Effects of Probiotics on Microbial Translocation and Immune Activation Markers in HIV-positive Patients on Combined Antiretroviral Therapy
NCT02164344 · Status: UNKNOWN · Phase: NA · Type: INTERVENTIONAL · Enrollment: 30
Last updated 2014-06-16
Summary
Combined antiretroviral therapy (cART)-treated patients have increased mortality and morbidity compared to age-matched seronegative individuals. This increased mortality and morbidity has been associated to immune activation that persists also in patients under cART even with undetectable levels of HIV-RNA in blood. Indeed, HIV-infected patients, irrespective of cART treatment, show higher levels of activated T cells, inflammatory monocytes and proinflammatory cytokines than seronegative individuals. Several putative causes of this residual inflammation have been proposed and include ongoing HIV replication at low levels, the presence of coinfections such as cytomegalovirus, and microbial translocation.

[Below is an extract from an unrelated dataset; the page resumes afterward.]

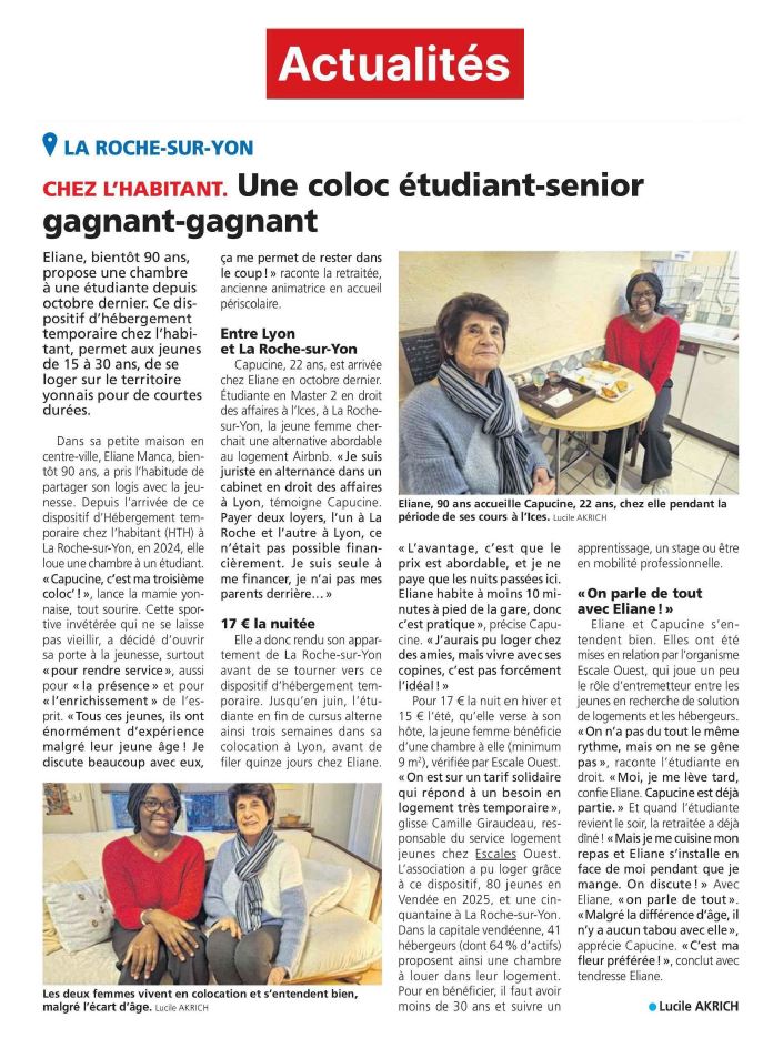 La presse en parle ! : Le dispositif HTH (Hébergement Temporaire chez l’Habitant) porté par Escalesouest séduit de plus en plus, et est une vraie solution à l’hébergement temporaire pour les jeunes en mobilité professionnelle.

None of these causes are mutually exclusive and understanding the degree to which of these three cause residual inflammation in cART-treated individuals will require novel therapeutic interventions aimed at alleviated each putative cause.
In this longitudinal study we aim:
1. to reduce microbial translocation induced inflammation in cART-treated individuals with supplementation of cART with the probiotics.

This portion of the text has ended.